Hi and welcome. Those are some tough choices you put out there, I will put my $.02 in. The first thing is, is how much smoke flavor do you want? With the charcoal smokers you will defiantly get more smoke flavor as you are burning hardwood (preferably lump) and wood chunks both producing smoke. And a WSM with a Digi-Q your set for hours of steady smoking. I personally have never owned one but I did have a UDS which is similar in concept.  With pellet smokers they are super easy to use, I am on my 3rd pellet smoker and I love my new Rec Tec! I looked into GMG but after reading mixed reviews I went with a Rec Tec. But  for me a pellet smoker doesn't put enough smoke on muscle meats such as shoulders or brisket (even using a smoke tube of pellets) but for ribs or chicken it kicks ass!! One other smoker to consider is the new Masterbuilt Gravity feed charcoal, I've read a lot of positive reviews and have seen some good videos on YouTube.  90% of this is personal preference.  Hope this helps some.


----------



## noboundaries (Apr 30, 2020)

Wow.
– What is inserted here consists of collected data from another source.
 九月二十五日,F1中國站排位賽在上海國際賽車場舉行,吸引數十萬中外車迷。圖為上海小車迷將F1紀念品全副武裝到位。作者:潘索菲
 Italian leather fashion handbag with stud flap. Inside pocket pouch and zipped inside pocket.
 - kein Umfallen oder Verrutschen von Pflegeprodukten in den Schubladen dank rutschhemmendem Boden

All good choices. But it boils down to technology or old school. 

You never read about failures with the WSM. Tech is wonderful, when it works as advertised. A WSM with a Guru is a mix of both. 
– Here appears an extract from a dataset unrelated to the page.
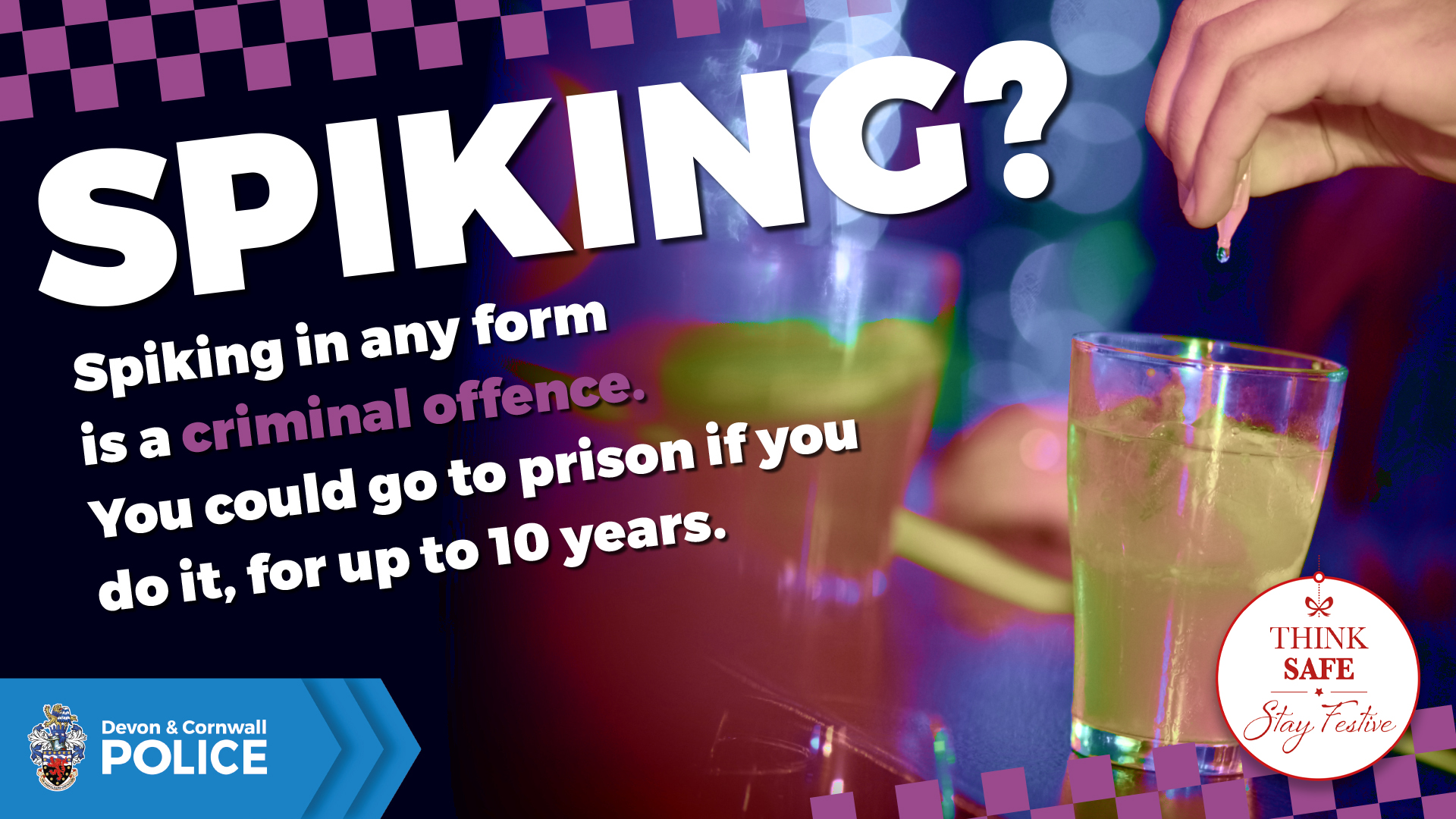 Devon & Cornwall Police warn drink spikers this Christmas

As I type I've got two butts weighing 9.9 and 9.7 lbs on my WSM. Loaded them at 7 pm, and with the DigiQ Guru will breeze through the night at 225F while I sleep away. The WSM is practically set and forget without the Guru. If it were to fail, the smoker would keep chugging along because I use the Guru as a backup. I set my vents for the temp I want. 

Folks love their pellet poopers, WSMs, offsets, electrics, grills used as smokers, UDS's, etc. I knew charcoal so that's the route I went. It really boils down to your preference.


----------



## sawhorseray (May 1, 2020)

I'm not a pellet guy but if I was going to get one after all I've heard on this forum a Rec Tec would be the only one I'd consider. Maybe someday. RAY


----------



## Wasi (May 1, 2020)

This is my recommendation if you are starting out.  I think I am going to swap to this model after I move.  


			Robot or human?


----------



## iTzNiK (May 1, 2020)

Thanks everyone! I noticed the master built gravity series last night and I am leaning towards it. I think it checks off all the boxes for me as far as versatility goes and “smokiness”. Now I have to decide which model is worth it. I found the 560 for 697 where I’m from and the 1050 for 1097. I’m just wondering if the only difference between the two is the size? I’m not able to go look at them in person at the moment due to everything going on in the world. I’m leaning towards the 560 but if build quality and component quality is better on the 1060 I might just buy once and cry once. Thoughts?


----------



## Wasi (May 1, 2020)

This site has a video review compare of the 2.  









						Masterbuilt Gravity Series
					






					www.kamadoguru.com
				






iTzNiK said:


> Thanks everyone! I noticed the master built gravity series last night and I am leaning towards it. I think it checks off all the boxes for me as far as versatility goes and “smokiness”. Now I have to decide which model is worth it. I found the 560 for 697 where I’m from and the 1050 for 1097. I’m just wondering if the only difference between the two is the size? I’m not able to go look at them in person at the moment due to everything going on in the world. I’m leaning towards the 560 but if build quality and component quality is better on the 1060 I might just buy once and cry once. Thoughts?


----------



## iTzNiK (May 2, 2020)

Leaning towards the 1050 because it seems like it would outlast the 560. Just wondering how the 1050 compares vs the Kamado Joe? Do you still recommend the 1050 over the Kamado Joe?


----------



## Wasi (May 4, 2020)

iTzNiK said:


> Leaning towards the 1050 because it seems like it would outlast the 560. Just wondering how the 1050 compares vs the Kamado Joe? Do you still recommend the 1050 over the Kamado Joe?


I currently do not have one but from another video I saw I believe the unit is made by komodo joe.


----------